→ Exercise objective:
For the material below, the expected output is exactly the lines between the line holding "Size small. Sherpa" and the line holding "記者跟隨執(zhí)法人員首", inclusive, with pictures left out.

→ Dataset entries:
----------------
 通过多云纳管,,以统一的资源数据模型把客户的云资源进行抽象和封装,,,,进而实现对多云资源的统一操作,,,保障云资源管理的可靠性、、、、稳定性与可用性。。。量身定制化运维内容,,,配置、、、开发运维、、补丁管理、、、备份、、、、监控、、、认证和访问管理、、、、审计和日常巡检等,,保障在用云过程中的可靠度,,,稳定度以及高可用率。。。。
----------------
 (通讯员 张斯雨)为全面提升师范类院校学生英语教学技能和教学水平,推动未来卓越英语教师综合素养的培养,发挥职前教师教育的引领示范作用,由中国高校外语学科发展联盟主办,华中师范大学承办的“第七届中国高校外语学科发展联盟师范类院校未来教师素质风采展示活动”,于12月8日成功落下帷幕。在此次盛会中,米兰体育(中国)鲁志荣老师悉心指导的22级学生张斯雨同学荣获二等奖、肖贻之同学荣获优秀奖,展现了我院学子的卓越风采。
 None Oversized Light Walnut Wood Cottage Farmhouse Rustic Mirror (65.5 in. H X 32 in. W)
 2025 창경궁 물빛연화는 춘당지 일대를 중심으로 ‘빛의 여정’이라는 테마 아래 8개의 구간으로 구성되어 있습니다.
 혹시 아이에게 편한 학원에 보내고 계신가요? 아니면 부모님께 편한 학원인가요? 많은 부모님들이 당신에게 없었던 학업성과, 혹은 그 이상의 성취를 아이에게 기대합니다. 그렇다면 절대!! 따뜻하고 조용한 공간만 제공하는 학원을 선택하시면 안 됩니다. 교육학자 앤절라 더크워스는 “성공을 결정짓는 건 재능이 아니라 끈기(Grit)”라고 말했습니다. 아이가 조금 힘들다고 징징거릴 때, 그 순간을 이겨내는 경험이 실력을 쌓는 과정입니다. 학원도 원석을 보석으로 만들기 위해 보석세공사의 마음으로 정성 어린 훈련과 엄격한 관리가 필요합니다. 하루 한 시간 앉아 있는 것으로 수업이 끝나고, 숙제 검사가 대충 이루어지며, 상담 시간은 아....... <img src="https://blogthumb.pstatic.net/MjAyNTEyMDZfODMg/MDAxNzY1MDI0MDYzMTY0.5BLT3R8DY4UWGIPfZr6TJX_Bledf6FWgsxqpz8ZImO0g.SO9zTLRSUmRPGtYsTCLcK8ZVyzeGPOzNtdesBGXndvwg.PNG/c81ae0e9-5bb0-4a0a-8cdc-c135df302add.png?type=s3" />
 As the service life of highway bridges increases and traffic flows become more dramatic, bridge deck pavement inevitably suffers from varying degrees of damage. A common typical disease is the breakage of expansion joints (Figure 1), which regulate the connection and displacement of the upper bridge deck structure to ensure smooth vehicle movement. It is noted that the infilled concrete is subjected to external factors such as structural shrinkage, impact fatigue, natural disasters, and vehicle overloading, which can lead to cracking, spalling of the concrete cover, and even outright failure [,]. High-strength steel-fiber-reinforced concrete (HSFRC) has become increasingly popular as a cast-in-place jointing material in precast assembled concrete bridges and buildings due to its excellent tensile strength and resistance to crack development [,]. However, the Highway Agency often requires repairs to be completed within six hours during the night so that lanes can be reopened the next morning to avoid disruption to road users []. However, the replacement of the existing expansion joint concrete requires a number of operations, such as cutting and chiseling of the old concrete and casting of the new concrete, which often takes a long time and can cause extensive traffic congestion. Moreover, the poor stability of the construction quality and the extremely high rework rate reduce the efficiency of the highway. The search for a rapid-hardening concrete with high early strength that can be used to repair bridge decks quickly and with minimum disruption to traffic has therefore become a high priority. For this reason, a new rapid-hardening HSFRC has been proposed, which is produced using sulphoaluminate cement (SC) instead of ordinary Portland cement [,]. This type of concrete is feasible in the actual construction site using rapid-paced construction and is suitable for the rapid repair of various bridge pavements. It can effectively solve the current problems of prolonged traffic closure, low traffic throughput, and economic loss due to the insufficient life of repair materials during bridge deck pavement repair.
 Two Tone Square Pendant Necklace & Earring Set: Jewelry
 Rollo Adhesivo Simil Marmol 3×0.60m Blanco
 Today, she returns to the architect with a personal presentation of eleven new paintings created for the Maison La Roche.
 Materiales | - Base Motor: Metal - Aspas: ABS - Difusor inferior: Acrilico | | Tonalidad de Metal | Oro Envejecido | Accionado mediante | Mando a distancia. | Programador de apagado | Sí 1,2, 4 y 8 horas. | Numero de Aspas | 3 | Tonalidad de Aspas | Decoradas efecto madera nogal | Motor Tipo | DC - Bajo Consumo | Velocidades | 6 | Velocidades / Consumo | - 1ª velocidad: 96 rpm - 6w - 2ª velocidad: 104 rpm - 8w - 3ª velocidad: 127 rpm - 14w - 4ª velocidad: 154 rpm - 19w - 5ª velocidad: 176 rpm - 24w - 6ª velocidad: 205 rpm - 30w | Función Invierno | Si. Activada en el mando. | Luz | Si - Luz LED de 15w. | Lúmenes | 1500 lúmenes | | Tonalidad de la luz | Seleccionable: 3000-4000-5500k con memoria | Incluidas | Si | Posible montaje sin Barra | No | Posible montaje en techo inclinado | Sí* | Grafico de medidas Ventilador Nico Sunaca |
----------------
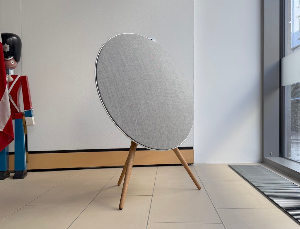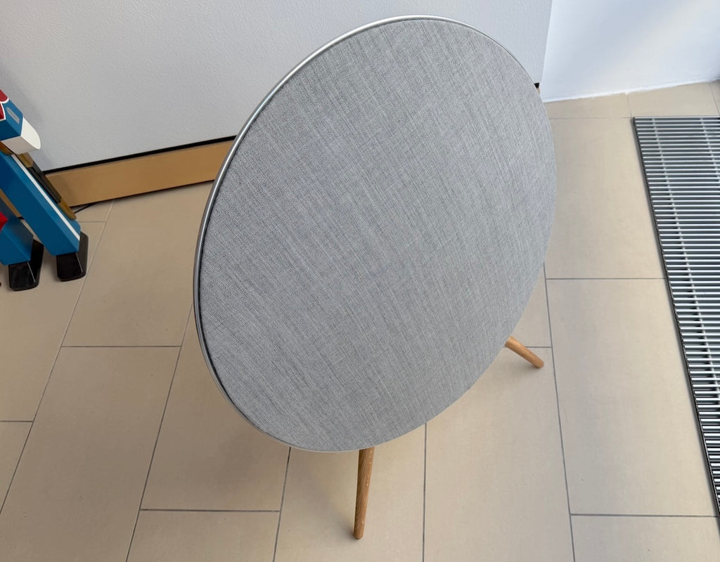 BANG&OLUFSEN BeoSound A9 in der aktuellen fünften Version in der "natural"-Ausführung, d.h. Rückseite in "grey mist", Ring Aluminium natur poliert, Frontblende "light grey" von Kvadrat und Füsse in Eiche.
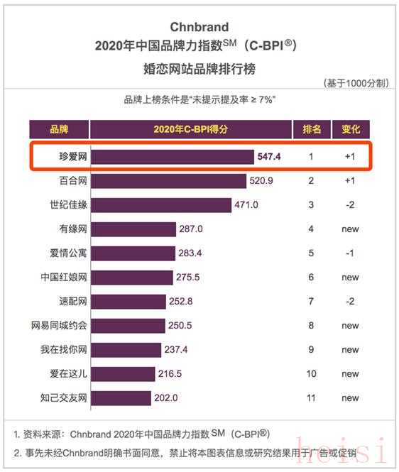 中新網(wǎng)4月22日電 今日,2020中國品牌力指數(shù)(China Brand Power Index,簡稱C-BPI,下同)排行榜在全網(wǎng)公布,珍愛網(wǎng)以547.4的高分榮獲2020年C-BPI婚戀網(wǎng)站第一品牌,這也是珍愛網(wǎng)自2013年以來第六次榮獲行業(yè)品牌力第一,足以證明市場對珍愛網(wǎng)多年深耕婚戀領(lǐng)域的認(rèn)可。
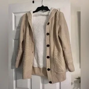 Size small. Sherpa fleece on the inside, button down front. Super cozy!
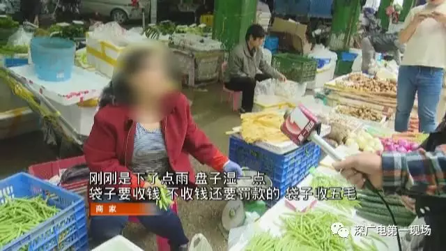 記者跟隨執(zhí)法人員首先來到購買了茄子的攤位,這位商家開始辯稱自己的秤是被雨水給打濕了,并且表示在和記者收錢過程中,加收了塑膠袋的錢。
----------------
→ Response to this exercise:
 Size small. Sherpa fleece on the inside, button down front. Super cozy!
 記者跟隨執(zhí)法人員首先來到購買了茄子的攤位,這位商家開始辯稱自己的秤是被雨水給打濕了,并且表示在和記者收錢過程中,加收了塑膠袋的錢。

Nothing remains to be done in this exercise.